■ WHAT TO WORK ON
Return each line below exactly as it reads, and omit any image in it.

Records from a data collection
^^^^^^^^^^^^^^^^
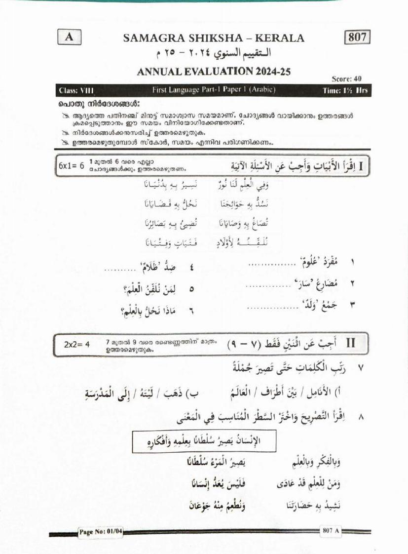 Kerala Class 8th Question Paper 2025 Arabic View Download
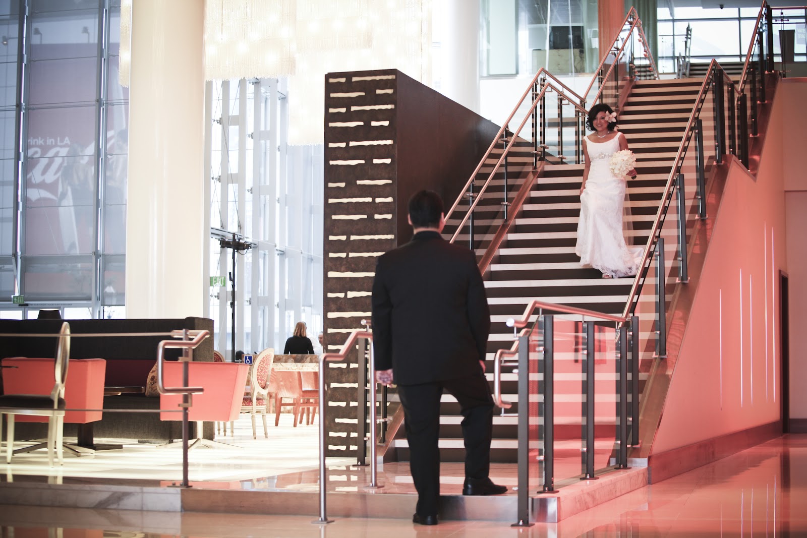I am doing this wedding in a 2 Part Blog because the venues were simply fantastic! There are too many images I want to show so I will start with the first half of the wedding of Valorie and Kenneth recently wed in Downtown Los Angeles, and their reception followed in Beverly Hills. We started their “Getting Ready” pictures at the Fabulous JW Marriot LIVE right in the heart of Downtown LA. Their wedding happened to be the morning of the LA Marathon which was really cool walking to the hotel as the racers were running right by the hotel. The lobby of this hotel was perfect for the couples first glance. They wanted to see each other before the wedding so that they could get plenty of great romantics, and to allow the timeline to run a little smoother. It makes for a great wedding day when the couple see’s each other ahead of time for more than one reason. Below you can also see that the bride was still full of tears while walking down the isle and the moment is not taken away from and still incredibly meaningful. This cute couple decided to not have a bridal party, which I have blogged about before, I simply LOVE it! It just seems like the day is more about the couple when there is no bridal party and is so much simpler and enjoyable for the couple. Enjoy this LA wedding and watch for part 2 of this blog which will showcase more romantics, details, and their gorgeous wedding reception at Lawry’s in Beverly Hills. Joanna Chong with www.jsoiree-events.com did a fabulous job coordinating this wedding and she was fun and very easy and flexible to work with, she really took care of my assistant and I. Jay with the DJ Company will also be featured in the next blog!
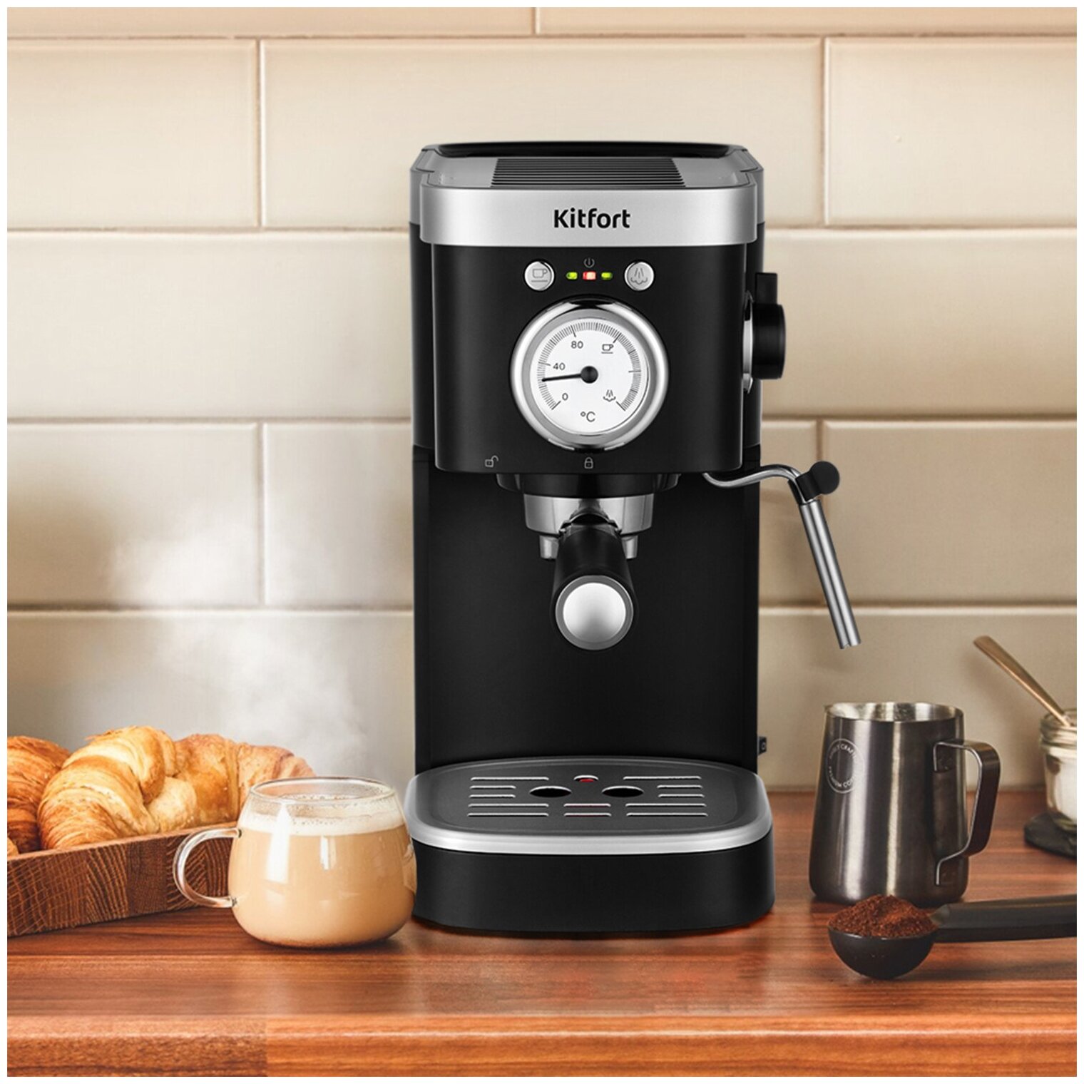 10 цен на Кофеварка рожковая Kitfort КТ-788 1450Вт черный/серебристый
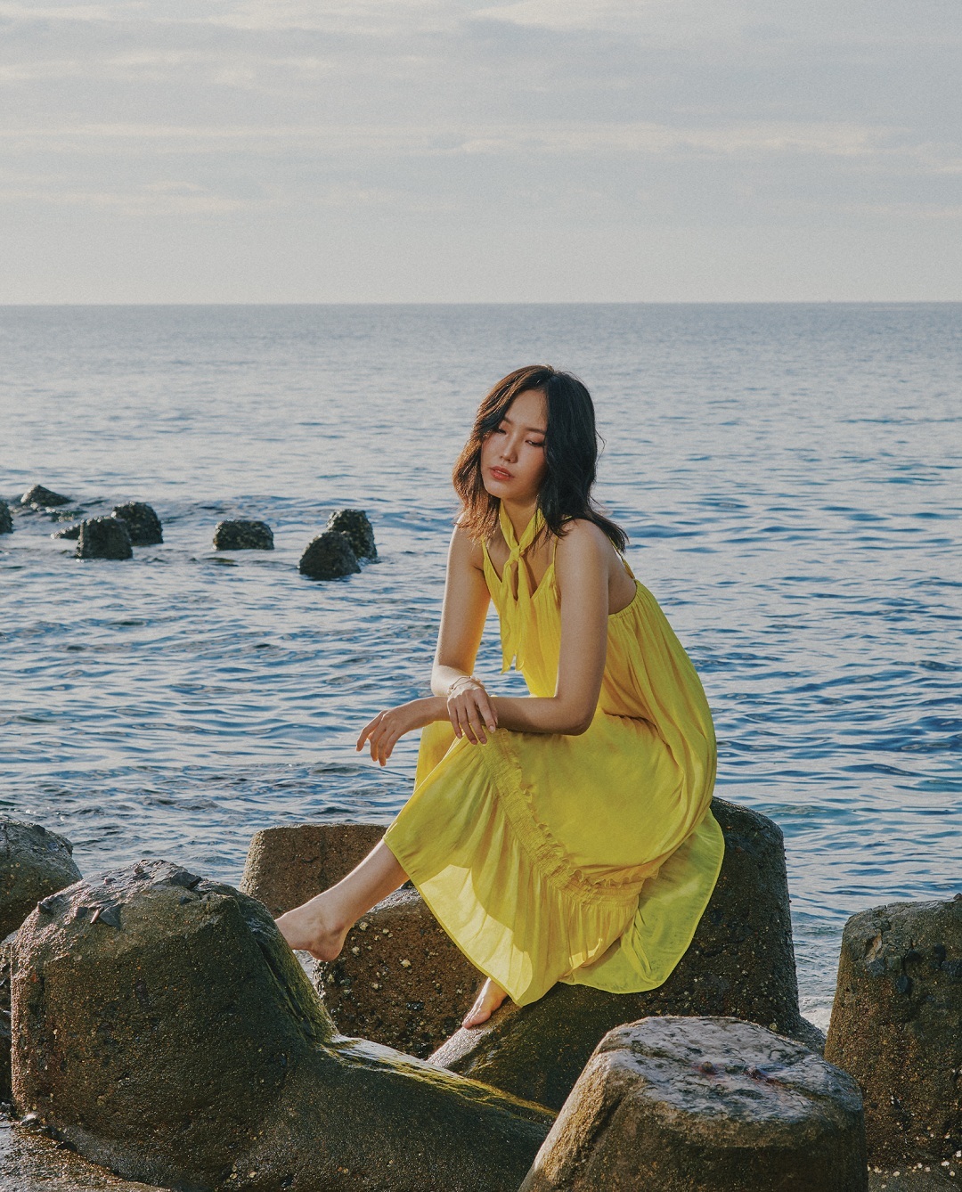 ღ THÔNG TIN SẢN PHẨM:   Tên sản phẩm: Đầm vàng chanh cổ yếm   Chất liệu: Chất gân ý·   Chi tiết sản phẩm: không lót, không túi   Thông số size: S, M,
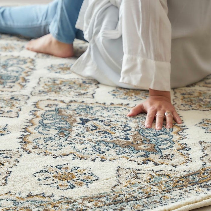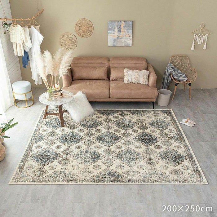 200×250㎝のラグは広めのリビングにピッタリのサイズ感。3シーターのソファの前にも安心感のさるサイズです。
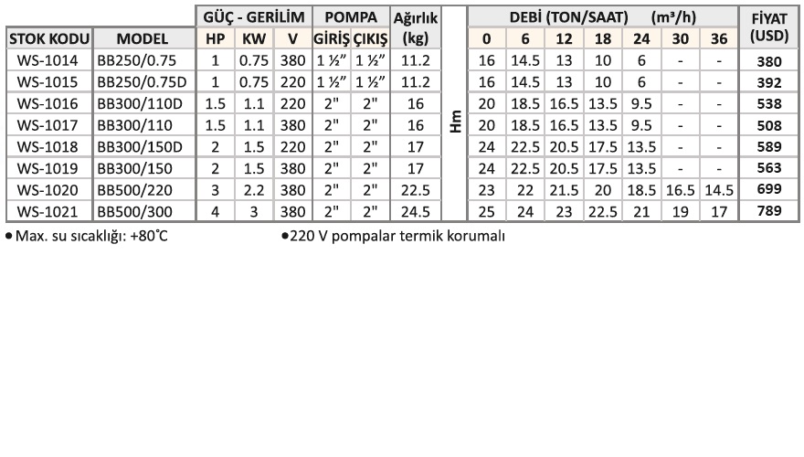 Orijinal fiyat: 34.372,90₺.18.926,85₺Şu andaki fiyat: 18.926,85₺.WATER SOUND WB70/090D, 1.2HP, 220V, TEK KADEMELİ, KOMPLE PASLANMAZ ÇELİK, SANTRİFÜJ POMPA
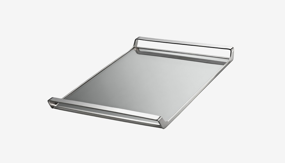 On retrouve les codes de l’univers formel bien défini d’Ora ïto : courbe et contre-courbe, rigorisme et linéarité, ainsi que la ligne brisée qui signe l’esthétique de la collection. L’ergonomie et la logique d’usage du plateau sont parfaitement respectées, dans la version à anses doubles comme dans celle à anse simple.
^^^^^^^^^^^^^^^^
■ ANSWER SECTION
 Kerala Class 8th Question Paper 2025 Arabic View Download
I am doing this wedding in a 2 Part Blog because the venues were simply fantastic! There are too many images I want to show so I will start with the first half of the wedding of Valorie and Kenneth recently wed in Downtown Los Angeles, and their reception followed in Beverly Hills. We started their “Getting Ready” pictures at the Fabulous JW Marriot LIVE right in the heart of Downtown LA. Their wedding happened to be the morning of the LA Marathon which was really cool walking to the hotel as the racers were running right by the hotel. The lobby of this hotel was perfect for the couples first glance. They wanted to see each other before the wedding so that they could get plenty of great romantics, and to allow the timeline to run a little smoother. It makes for a great wedding day when the couple see’s each other ahead of time for more than one reason. Below you can also see that the bride was still full of tears while walking down the isle and the moment is not taken away from and still incredibly meaningful. This cute couple decided to not have a bridal party, which I have blogged about before, I simply LOVE it! It just seems like the day is more about the couple when there is no bridal party and is so much simpler and enjoyable for the couple. Enjoy this LA wedding and watch for part 2 of this blog which will showcase more romantics, details, and their gorgeous wedding reception at Lawry’s in Beverly Hills. Joanna Chong with www.jsoiree-events.com did a fabulous job coordinating this wedding and she was fun and very easy and flexible to work with, she really took care of my assistant and I. Jay with the DJ Company will also be featured in the next blog!
 10 цен на Кофеварка рожковая Kitfort КТ-788 1450Вт черный/серебристый
 ღ THÔNG TIN SẢN PHẨM:   Tên sản phẩm: Đầm vàng chanh cổ yếm   Chất liệu: Chất gân ý·   Chi tiết sản phẩm: không lót, không túi   Thông số size: S, M,
 200×250㎝のラグは広めのリビングにピッタリのサイズ感。3シーターのソファの前にも安心感のさるサイズです。
 Orijinal fiyat: 34.372,90₺.18.926,85₺Şu andaki fiyat: 18.926,85₺.WATER SOUND WB70/090D, 1.2HP, 220V, TEK KADEMELİ, KOMPLE PASLANMAZ ÇELİK, SANTRİFÜJ POMPA
 On retrouve les codes de l’univers formel bien défini d’Ora ïto : courbe et contre-courbe, rigorisme et linéarité, ainsi que la ligne brisée qui signe l’esthétique de la collection. L’ergonomie et la logique d’usage du plateau sont parfaitement respectées, dans la version à anses doubles comme dans celle à anse simple.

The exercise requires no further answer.